**Exercise description:**
Return only the lines running from the one that contains "2019年2月12日,中央戏剧学院2019年本科招生专业考试在东城校区拉开帷幕,考生排队准备进入考场。新华社记者 才扬 摄" through the end of the entries, exactly, both ends included. Omit pictures.
====== Input records ======
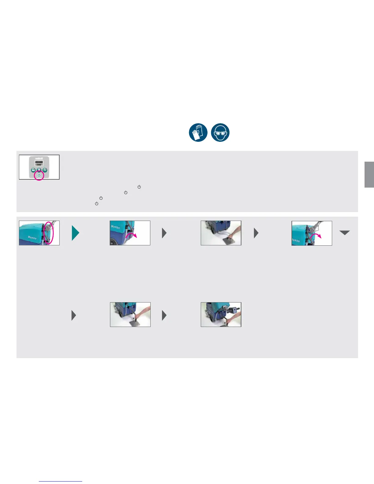 Inclinar o depósito de água suja para esvazie a água restante
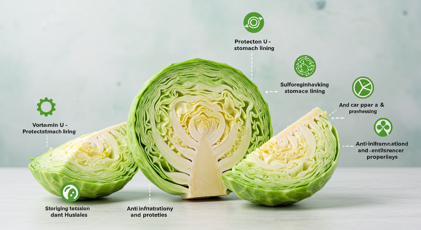 양배추가 건강에 좋은 이유는 바로 비타민 U와 설포라판이라는 두 가지 강력한 성분 덕분이에요
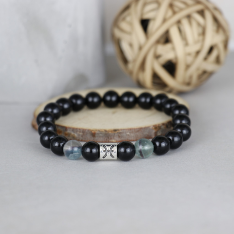 Ónix és fluorit 8mm-es ásványból készült karkötő, a horoszkóphoz tartozó fém jeles köztessel. Halak: február 19. - március 20 Ónix: Az ónixot támogató, erőt adó kőnek tartják. Gyakran ajánlják a negatív érzelmek ( Félelem, indulatosság, szomorúság ) felo
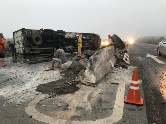 Xe đông lạnh lật ngang giữa Quốc lộ 1
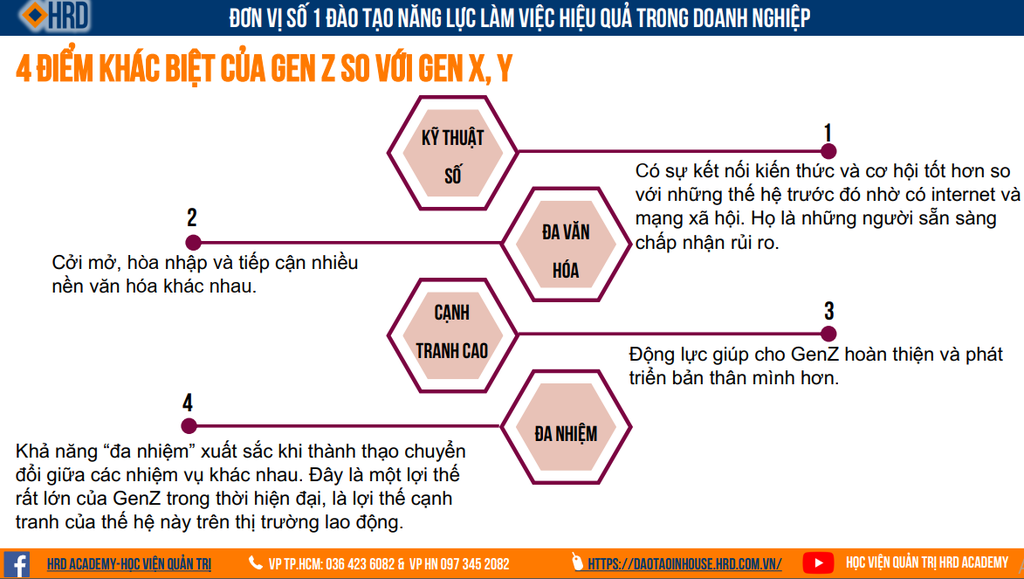 Trên đây là những đặc điểm của thế hệ GenZ tại thị trường lao động hiện nay và gợi ý một số bí kíp đào tạo thế hệ này. Đào tạo nhân sự Gen Z là bài toán khó cho những nhà quản lý nhân sự bởi Gen Z khác hoàn toàn so với các thế hệ lực lượng lao động Gen X, Y.
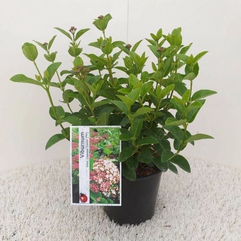 Viburnum tinus ‘Lisa Rose’ kent een compacte groeiwijze en een langzame groeisnelheid en blijft lager. Hierdoor is deze kweekvariant uitermate geschikt voor vormsnoei.
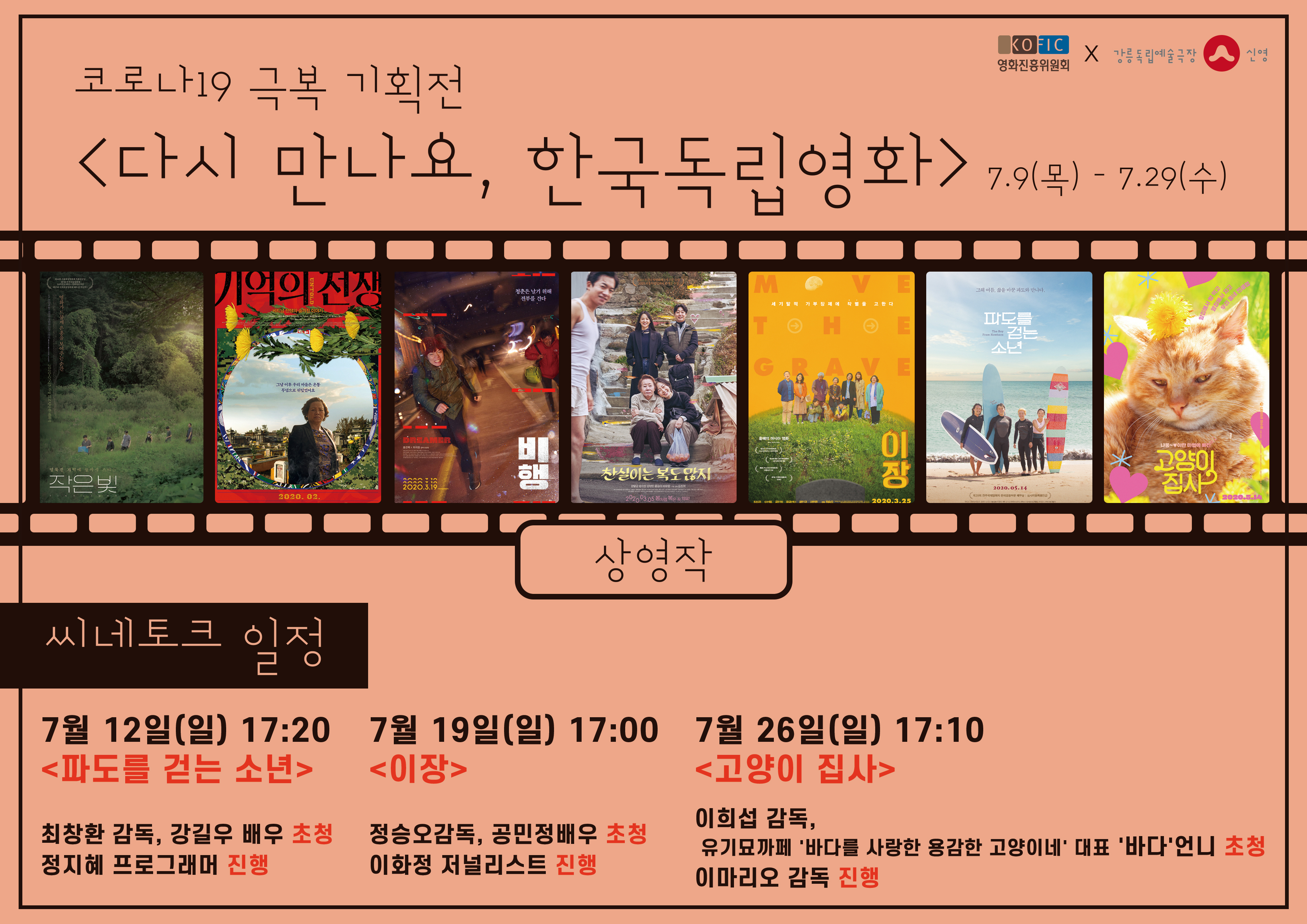 이번 기획전은 코로나19가 장기화되는 상황 속에서 개봉 당시 빛을 보지 못한 한국독립영화를 응원하기 위해 기획되었습니다. 강릉독립예술극장 신영에서는 총 7편을 재상영합니다.
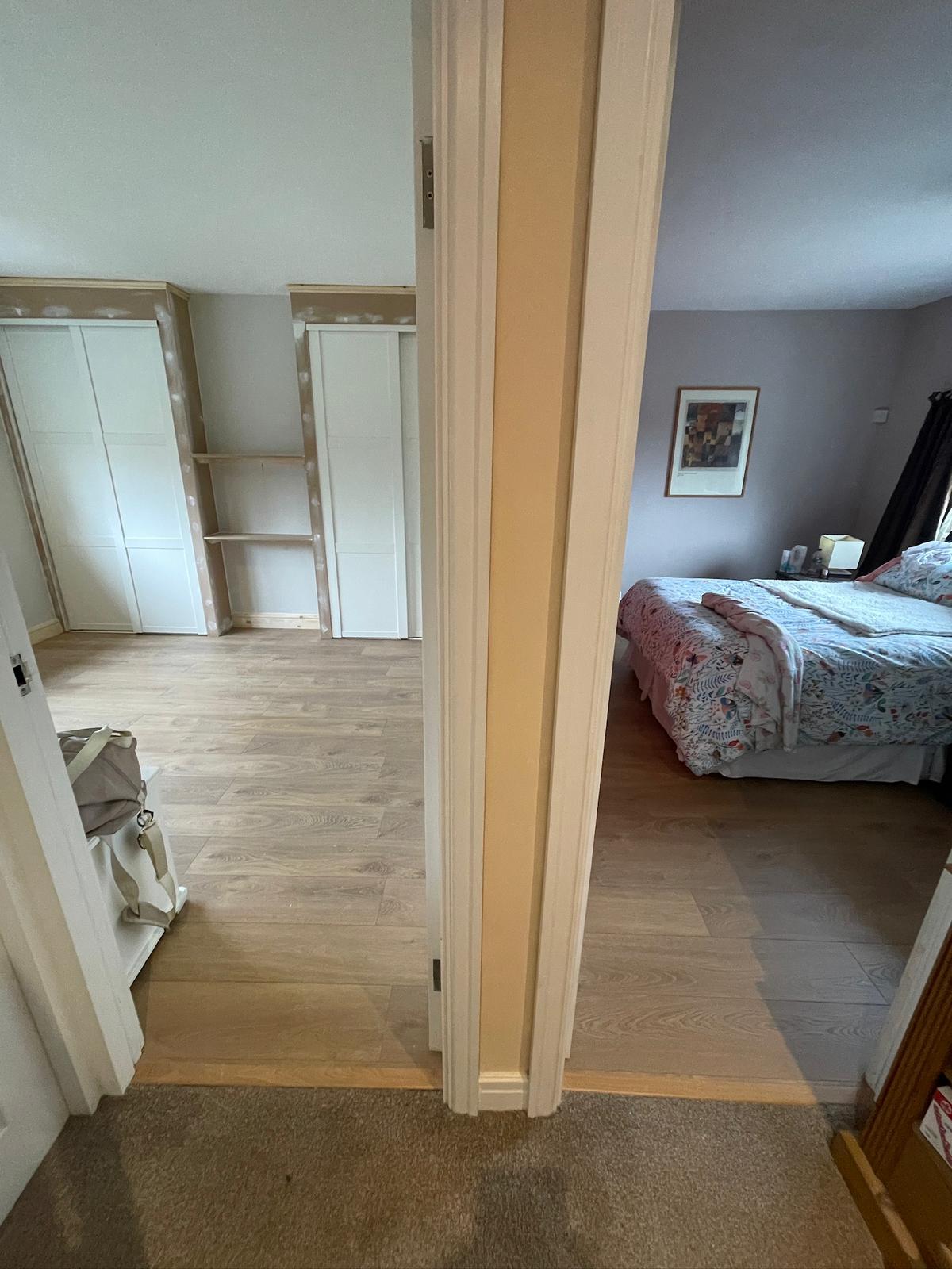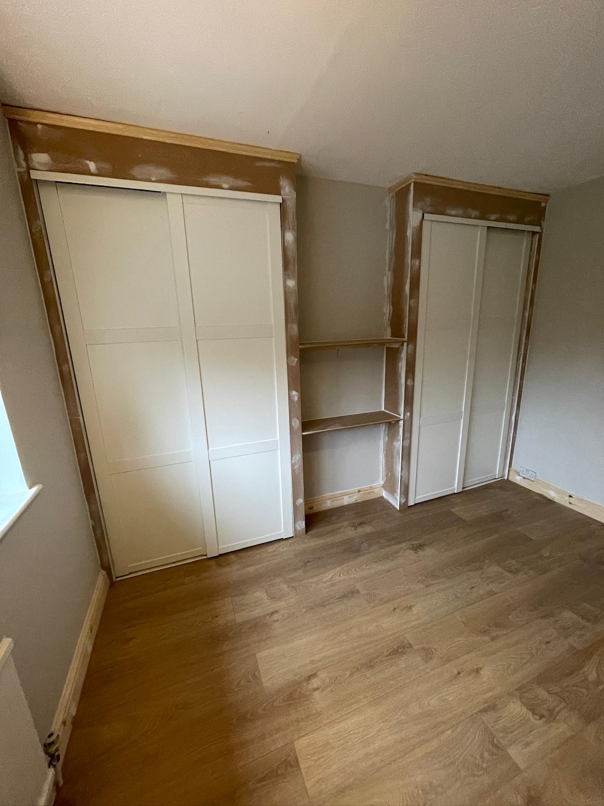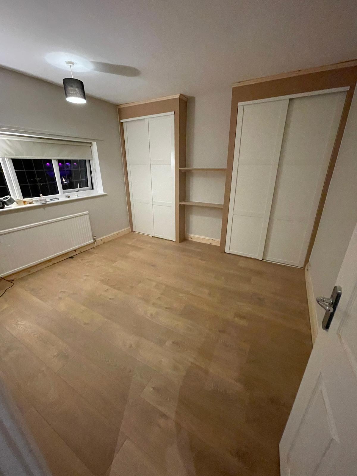 Double sliding wardrobes including new flooring and skirting board’s Preston
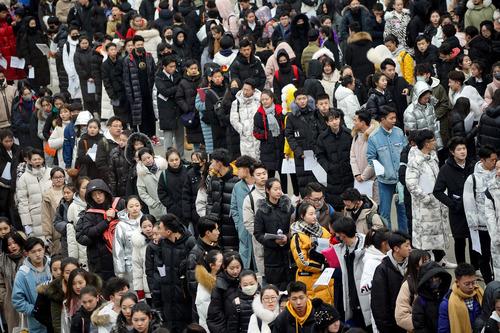 2019年2月12日,中央戏剧学院2019年本科招生专业考试在东城校区拉开帷幕,考生排队准备进入考场。新华社记者 才扬 摄
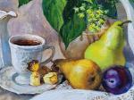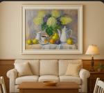 Still Life with Coffee and Hydrangeas" is an oil painting, hand-painted on canvas. In the center of the composition is refined white porcelain, a cup of aromatic coffee, juicy pears, apples and plums, as well as a lush bouquet of delicate hydrangeas. A gentle play of light and a warm palette create a feeling of coziness, tranquility and harmony.
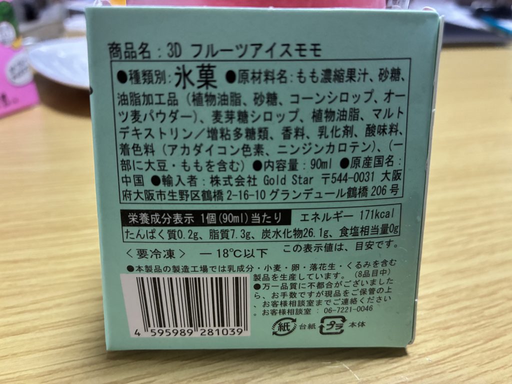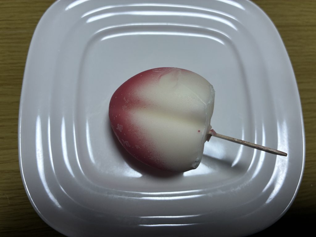 見た目からして可愛すぎる!!コンビニのアイスエリアの中で一際目立ってました。本物のモモ感が見た目だけでも「ほしい!!」という気持ちが溢れ出てしまいます。
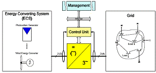 今天,DERs和RESs所使用的逆變器仍然主要采用了被動控制技術(shù)。這意味著對電網(wǎng)接入功率的控制與通過一次能源產(chǎn)生電能的能量轉(zhuǎn)換系統(tǒng)密切相關(guān)。對電網(wǎng)側(cè)來說,它們相當于負的負載。它們將從ECS處獲得的全部功率注入電網(wǎng)。在這種方式下,電網(wǎng)側(cè)的電網(wǎng)控制整合,甚至于主動參與控制和穩(wěn)定電網(wǎng)狀態(tài)變量都是不可能的。
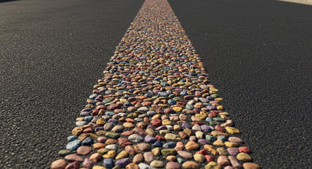 Asphalt road with colored pebbles, closeup of photo
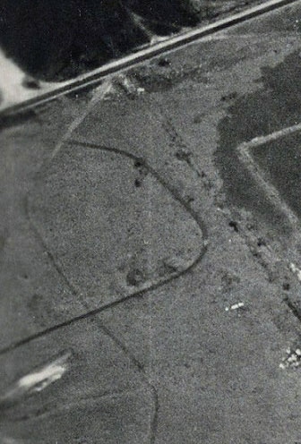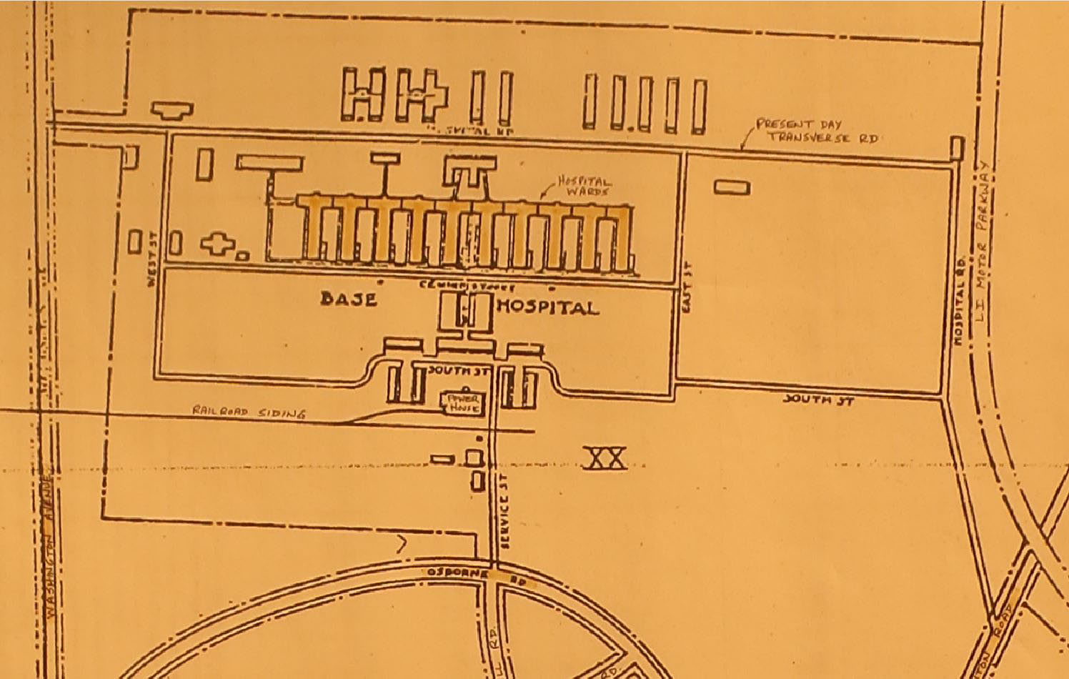 Bill Bellmer: You've identified Transverse Road on the photo. That was built for the hospital complex in 1918. Note the ten rectangles to the left of that road; they were foundations for the ward buildings for 2,500 beds. To the right of the road are foundations for ancillary buildings.
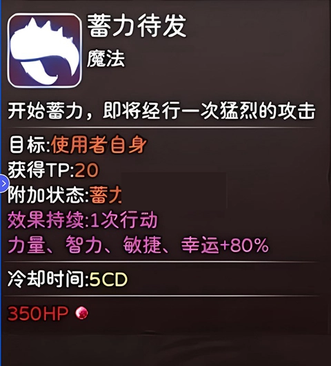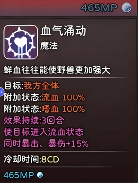 C位必带技能,少量的血量换来下次行动高额的爆发,配合兴奋(后续会说)可以打出很高的爆发。属于必带技能。
======
**Output of the exercise:**
 2019年2月12日,中央戏剧学院2019年本科招生专业考试在东城校区拉开帷幕,考生排队准备进入考场。新华社记者 才扬 摄
 Still Life with Coffee and Hydrangeas" is an oil painting, hand-painted on canvas. In the center of the composition is refined white porcelain, a cup of aromatic coffee, juicy pears, apples and plums, as well as a lush bouquet of delicate hydrangeas. A gentle play of light and a warm palette create a feeling of coziness, tranquility and harmony.
 見た目からして可愛すぎる!!コンビニのアイスエリアの中で一際目立ってました。本物のモモ感が見た目だけでも「ほしい!!」という気持ちが溢れ出てしまいます。
 今天,DERs和RESs所使用的逆變器仍然主要采用了被動控制技術(shù)。這意味著對電網(wǎng)接入功率的控制與通過一次能源產(chǎn)生電能的能量轉(zhuǎn)換系統(tǒng)密切相關(guān)。對電網(wǎng)側(cè)來說,它們相當于負的負載。它們將從ECS處獲得的全部功率注入電網(wǎng)。在這種方式下,電網(wǎng)側(cè)的電網(wǎng)控制整合,甚至于主動參與控制和穩(wěn)定電網(wǎng)狀態(tài)變量都是不可能的。
 Asphalt road with colored pebbles, closeup of photo
 Bill Bellmer: You've identified Transverse Road on the photo. That was built for the hospital complex in 1918. Note the ten rectangles to the left of that road; they were foundations for the ward buildings for 2,500 beds. To the right of the road are foundations for ancillary buildings.
 C位必带技能,少量的血量换来下次行动高额的爆发,配合兴奋(后续会说)可以打出很高的爆发。属于必带技能。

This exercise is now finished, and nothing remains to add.